# Toward A Greener, More Ironic, World



## sm4him (Sep 28, 2012)

I'd taken a very brief little photo stroll at lunchtime today, and on my way back to work passed this cemetery. I've taken photos of it before, and needed to get back to the office, so I wasn't really going to stop--but a particular grave caught my eye so I stopped to photograph it.  That's when I saw a sticker that had been left on one of the gate post "finials" by some slob:




I went to take it off and throw it out and that's when the irony struck me. Here's a close-up of what the sticker says:


"I  Supported The Effort to Cut Down on Waste" by buying a reusable cup,  and then added to the pollution problem by being completely tacky and  leaving the sticker from said cup on the gate to a historic downtown  cemetery.  Way to completely miss the point, dude!


----------



## Bitter Jeweler (Sep 28, 2012)

Yeah.
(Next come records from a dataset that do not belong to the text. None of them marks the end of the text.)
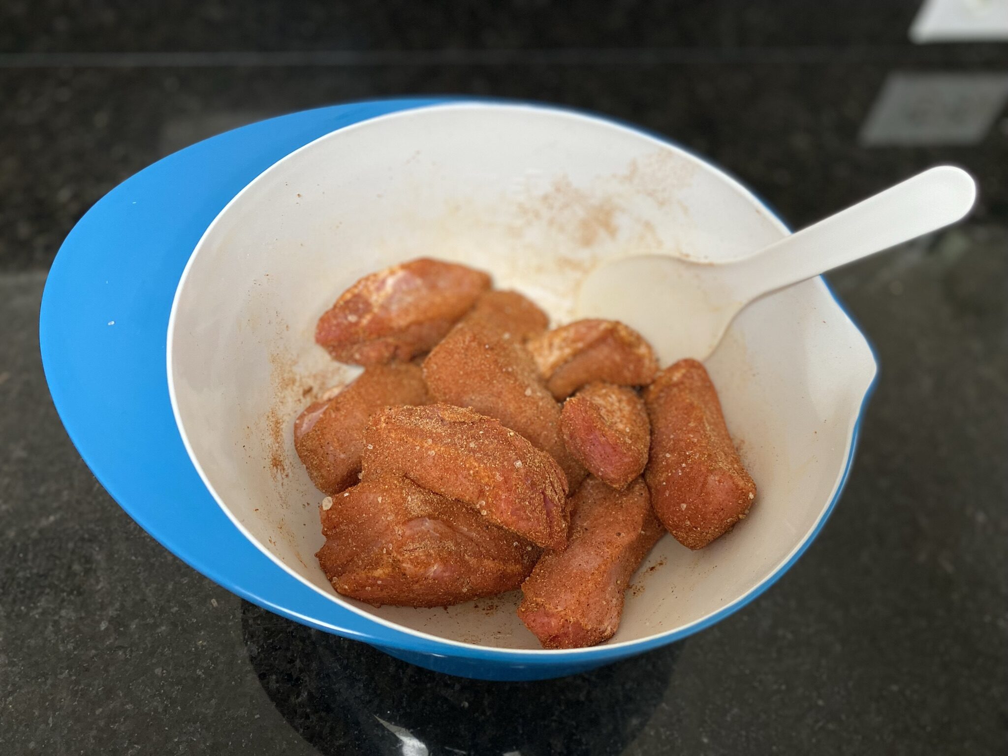 - Place the ribs in a large bowl. Add dry rub and toss to coat ribs in spice mixture. This can be done up to 24 hours in advance and placed covered in the refrigerator.
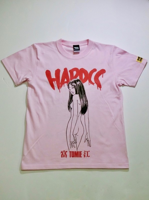 伊藤潤二「富江」をモチーフにしたTシャツとパーカーが、ハードコアチョコレートの店頭とオンラインショップ、Amazon.co.jpで販売されている。
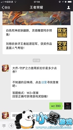 大乔-守护之力首周折扣价是多少点券?(答题格式:WZ+答案)
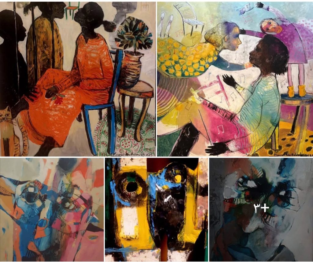 . تجربته تميل أكثر إلى البعد الإنساني العام، والاهتمام بـ الشكل، الجسد، والتكوين، مع نزعة تجريدية/تعبيرية تبحث في الحالة الشعورية والوجودية بعيدًا عن الخطاب السياسي أو الرمزي المباشر.
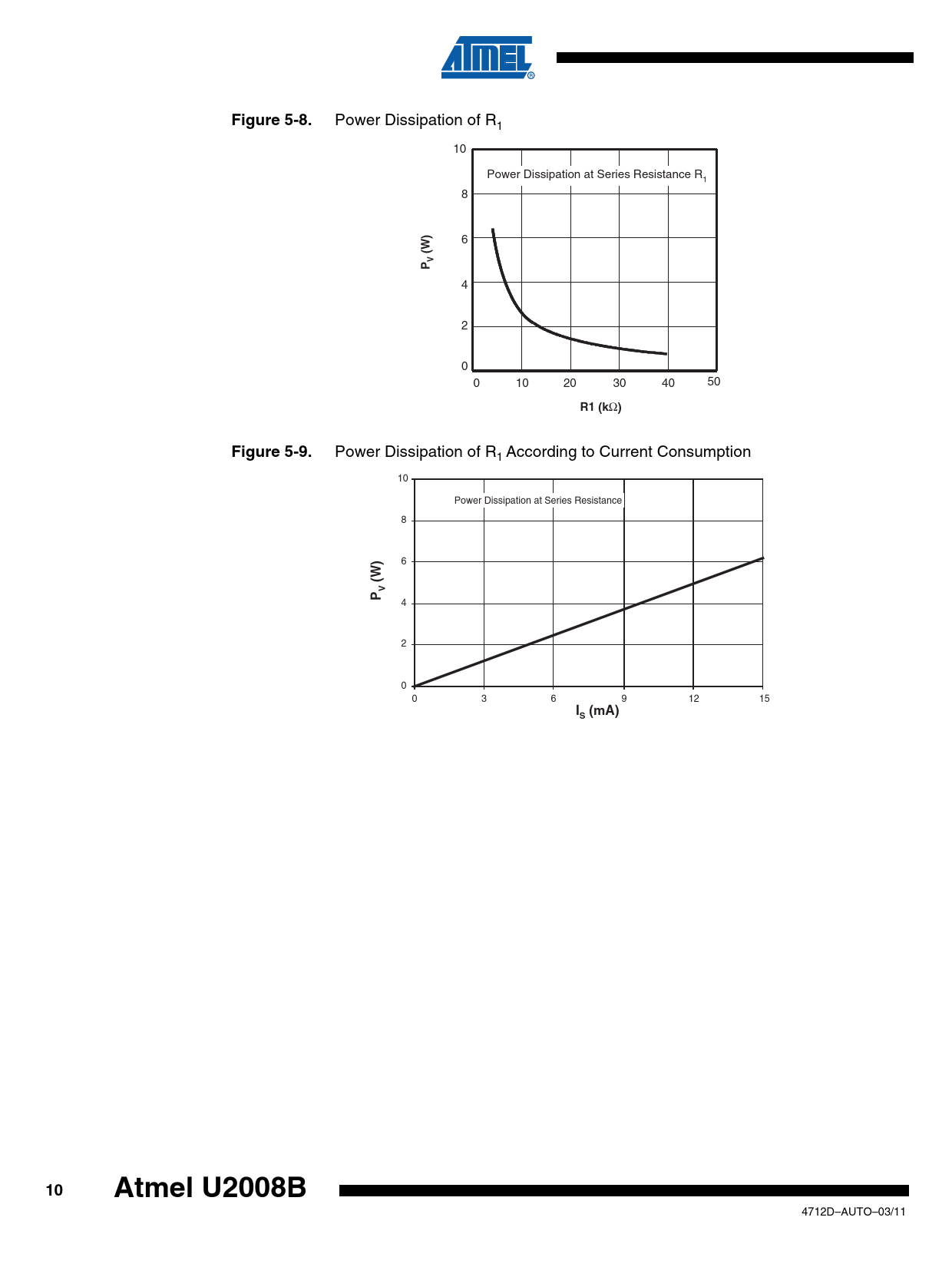 Figure 5-8. Power Dissipation of R1 10 Power Dissipation at Series Resistance R1 8 ) 6 (W V P 4 2 0 0 10 20 30 40 50 R1 (k Ω )Figure 5-9. Power Dissipation of R According to Current Consumption 1 10 Power Dissipation at Series Resistance 8 6 (W) V P 4 2 0 0 3 6 9 12 15 I (mA)S10Atmel U2008B 4712D–AUTO–03/11 Document Outline Features Applications 1. Description 2. Pin Configuration 2.1 Mains Supply, Pin 5 2.2 Voltage Monitoring 2.3 Phase Control, Pin 6 2.4 Automatic Retriggering 2.5 Current Synchronization, Pin 8 2.6 Voltage Synchronization with Mains Voltage Compensation, Pin 7 2.7 Load Current Detection, Pin 1 3. Absolute Maximum Ratings 4. Thermal Resistance 5. Electrical Characteristics 6. Ordering Information 7. Package Information 8. Revision History

But. He didn't leave the cup.


----------



## sm4him (Sep 28, 2012)

Bitter Jeweler said:


> Yeah. But. He didn't leave the cup.



Not in the same place, anyway.


----------



## bentcountershaft (Sep 28, 2012)

Off the subject but that gate's lack of symmetry is killing me.  Who designed that thing?  Is he buried there?  Dig him up and kick him.  Not that everything has to be symmetrical but that's just wrong.


----------



## bentcountershaft (Sep 28, 2012)

Oh, I was too distracted by the gate and forgot to leave my relevant comment.  Maybe the guy was trying to show the cemetery residents how far we've come.  Kind of a, "If you people had done more of this maybe we wouldn't be having these problems now" type thing.  So it could be that he's kind of like me and tends to judge the dead.  At least on Fridays.


----------



## sm4him (Sep 28, 2012)

bentcountershaft said:


> Off the subject but that gate's lack of symmetry is killing me.  Who designed that thing?  Is he buried there?  Dig him up and kick him.  Not that everything has to be symmetrical but that's just wrong.



:lmao:  Agreed.
In the defense of the designer, however: I don't think it was HIS fault. If you look, you'll see where one of the iron "arches" has been removed--it could have been vandals, but that doesn't explain why they then apparently stuck that pole there instead, which doesn't match anything and serves no real purpose. Maybe THAT's why the sticker was left there--to say "Look, here's something ELSE that does not belong on this gate!!"


----------



## ceejtank (Sep 28, 2012)

I like the irony.  I also like the littering.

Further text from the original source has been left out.